Windows authentication is based on many security best practices although it has several weaknesses especially when it comes to legacy authentication in the form of New Technology LAN Manager (NTLM), which first debuted with Windows NT in the mid 1990’s.
Modern Windows versions continue to support NTLM authentication for local and client/server authentication. Professional environments with central authentication servers almost exclusively use Microsoft Active Directory which primarily uses Kerberos authentication but uses NTLM for certain tasks and legacy support. Older consumer-focused Windows versions like Windows 98 used an authentication mechanism called Local Area Network Manager (LANMAN or LM) which is still supported on modern Windows, but is generally disabled by policy due to cryptographic weaknesses.
With local log in, the password you type in is hashed and compared against the stored version. If they match, then you have authenticated as the given user.

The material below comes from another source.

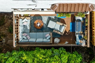 This coastal inspired beachside retreat townhome offers a one-of-a-kind living experience in the exclusive Jardin del Mar community. Renovated in 2008 by renowned Delray architect Randall Stofft, the unit has been thoughtfully redesigned to maximize space and comfort. The original two-story atrium was removed, allowing the square footage to flow seamlessly into an open first-floor plan, while the second floor now boasts spacious bedrooms and luxurious bathrooms. The townhome offers an exceptional level of privacy with two dedicated parking spaces located below in the secured gated garage, as well as a personal enclosed storage area.The home's unique design includes an open-concept living and dining area with a built-in bookcase and a Cyprus bead-board tongue-and-grooveceiling. French doors lead out to the landscaped outdoor living space, which is equipped with a custom kitchen, a remote-controlled electric awning, speakers, and updated decking and railing. Whether you're grilling with the Delta heat grill or relaxing on the balcony, the space is perfect for enjoying the coastal lifestyle. The chef's kitchen is a dream for entertainers, featuring custom glass tile backsplash, Brazilian Rain Forest granite countertops, a large two-level island with ample storage, and GE Monogram premium appliances. For added convenience, there's also a storage closet for beach accessories just off the kitchen. Upstairs the primary bedroom is a retreat, complete with a custom built-in walk-in closet with drawers. The en-suite bathrooms are equally luxurious, with marble showers, premium Kohler and Grohe fixtures, custom glass backsplashes, and St. James by Brentwood cabinetry. The loft is currently staged as a stylish dual-use office/guest space, offering great flexibility. It functions perfectly as a home office, guest room with a sleeper sofa, or even a workout area. This versatile space also includes additional storage, cabinetry, and a built-in bookcase. A new Samsung washer and dryer are conveniently located in the closet off this dual-use space. Every detail has been taken into consideration, from custom plantation shutters and PGT hurricane-proof windows to solid internal doors, crown molding, and a guest-safe discreetly built into the home. The unit is also wired for music with Boston Acoustic speakers. The ocean front community of Jardin del Mar offers 38 exclusive units and is undergoing continuous improvements, including a freshly painted exterior and new roofs on all buildings. With a variety of amenities such as a community room, sundeck, pool, and underground parking garage, this boutique community provides a unique beachside living experience. Located just two blocks from vibrant Atlantic Avenue, this home offers unparalleled access to Delray Beach's finest dining, boutique shopping, and lively entertainment. Whether you're looking for a gourmet meal, a trendy café, or an afternoon of boutique shopping, everything is within walking distance. For those who love the beach, the ocean is just steps away, allowing for effortless beach days or sunset strolls. This home offers everything one could want in a beach retreat, blending timeless design, modern comforts, and a prime location for an unparalleled lifestyle.

In client-server remote authentication, NTLM is used as a challenge-response authentication method where the client authenticates itself by performing a calculation using their password hash on a random value sent from the server. If the server calculates the same value from its local copy of the password hash, then the user is authenticated. This challenge-response provides secrecy from network eavesdropping but since the hash is not salted, it effectively is the user’s network authentication (password equivalent). This enables attacks called ‘Pass-the-Hash’ where an attacker doesn’t know an account’s password, but does have its hash and is able to impersonate them.
The formula to calculate a response is
NTLM(NTLM(password) + challenge).
NLTM(value)means take the NTLM hash of the given value.
+means append or concatenate.
The default local Windows password storage method is NTLM which is a cryptographic hash function that produces a 128 bit digest. The hashes are stored on disk in a special registry file
C:\windows\system32\config\SAM (Security Account Manager) as well as the
lsass.exe (local security authority sub service) process at runtime.
One way to use remote NTLM authentication is using the PsExec command line tool. This is found in the Windows System Internals suite that extends some existing Windows features for system administrators and power users. It can be used to launch arbitrary commands on a remote system with the PsExec service using an account with administrator privileges.
Example of PsExec usage:
PsExec.exe \\<server> -u <user> -p <password> <command>
Stored NTLM hashes can be retrieved from both the
lsass.exe process and the SAM on disk but both methods require privileged access since they are of high value to attackers and may give access to additional user credentials. The SAM file can be accessed with tools like pwdump or samdump and can even be accessed from offline images of a Windows system.
However to read the NTLM hashes from a running system, the easiest way is with Mimikatz, a very powerful and convenient tool written by a security researcher. It is able to interact with the Windows LSA and extract useful information from it assuming it has sufficient privileges.
An example of dumping the local user and machine account hashes:
privilege::debug # Elevate privileges to interact with the LSA. sekurlsa::logonpasswords # Dumps the current credential store.
Mimikatz can also be used to conduct Pass-the-Hash attacks. This requires two steps, first you must open a local command prompt with the remote authentication already set up and then execute the remote command.
Example of the Mimikatz command to open a new command line with the hash in memory:
sekurlsa::pth /user:<account> /domain:<domain> /ntlm:<ntlm-hash>
This will open a new command prompt which now has these credentials loaded, so issuing commands with PsExec in that shell does not require you to add a username and password anymore.
Example command in spawned shell:
PsExec.exe \\<domain-controller> whoami.exe
This will produce the same output as if you had separately run PsExec with the user and password of the given account.
Directly mitigating Pass-the-Hash is difficult as it relies on exploiting core functionality of NTLM. The best mitigation is minimizing the use of legacy authentication protocols and using ones like Kerberos which include cryptographic protections for this kind of attack. Additionally, monitor for suspicious user access, which covers compromised accounts no matter how they occurred. The best way to detect Pass-the-Hash directly is by monitoring client access logs (e.g. workstations) and investigating Event ID 4624 with Logon Type 9 as this is almost exclusively found with Pass-the-Hash scenarios.
If an account has been found compromised, then you need to reset the user’s password and contact the user immediately to try and understand what happened.
NTLM is a solid authentication method, but should not be relied solely to protect user identities. As with most aspects of security, layers of controls are key to building strong security and making it difficult for cyber adversaries to win.